*** Block opens ***

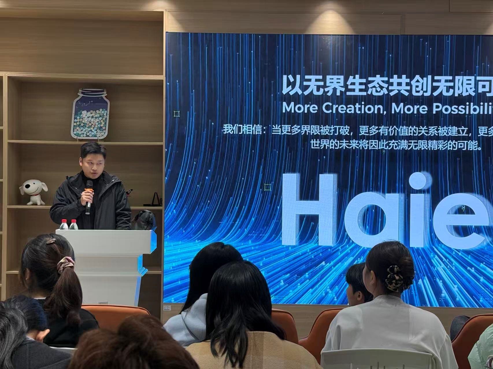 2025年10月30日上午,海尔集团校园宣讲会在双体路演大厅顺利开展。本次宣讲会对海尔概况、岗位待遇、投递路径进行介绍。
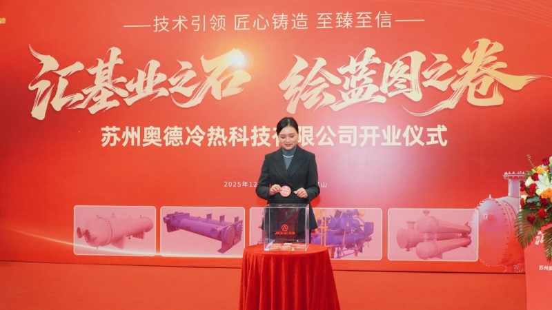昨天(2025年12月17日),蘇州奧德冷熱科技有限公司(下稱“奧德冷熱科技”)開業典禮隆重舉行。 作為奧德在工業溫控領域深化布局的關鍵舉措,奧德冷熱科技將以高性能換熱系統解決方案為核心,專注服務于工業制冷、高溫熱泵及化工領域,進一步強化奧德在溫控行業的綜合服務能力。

*** Block closes ***
*** Block opens ***

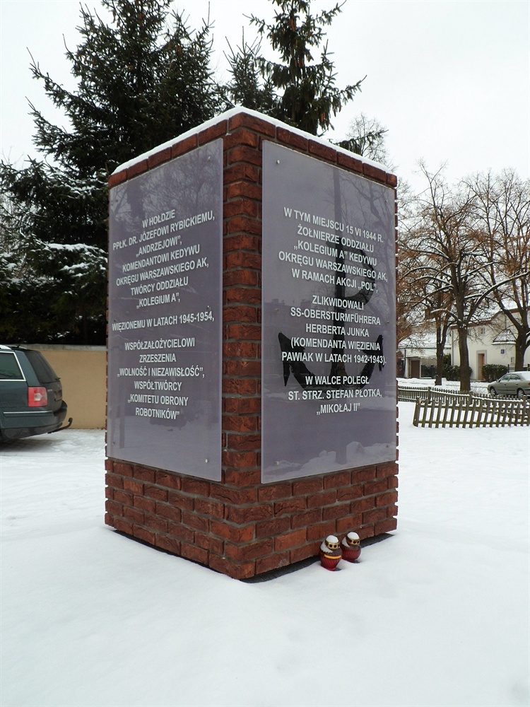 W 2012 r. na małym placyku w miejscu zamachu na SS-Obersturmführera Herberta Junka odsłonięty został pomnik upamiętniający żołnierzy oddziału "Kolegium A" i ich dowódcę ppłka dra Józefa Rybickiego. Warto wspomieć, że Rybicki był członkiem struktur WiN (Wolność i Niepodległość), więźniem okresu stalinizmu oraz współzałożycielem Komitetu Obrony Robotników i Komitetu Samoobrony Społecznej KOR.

*** Block closes ***

▶ _WHAT TO DO_
From the listing above, restate verbatim the lines running from the one with "2025年10月30日上午,海尔集团校园" through the one with "昨天(2025年12月17日", inclusive, but not the pictures.

▶ _REPLY_
 2025年10月30日上午,海尔集团校园宣讲会在双体路演大厅顺利开展。本次宣讲会对海尔概况、岗位待遇、投递路径进行介绍。
昨天(2025年12月17日),蘇州奧德冷熱科技有限公司(下稱“奧德冷熱科技”)開業典禮隆重舉行。 作為奧德在工業溫控領域深化布局的關鍵舉措,奧德冷熱科技將以高性能換熱系統解決方案為核心,專注服務于工業制冷、高溫熱泵及化工領域,進一步強化奧德在溫控行業的綜合服務能力。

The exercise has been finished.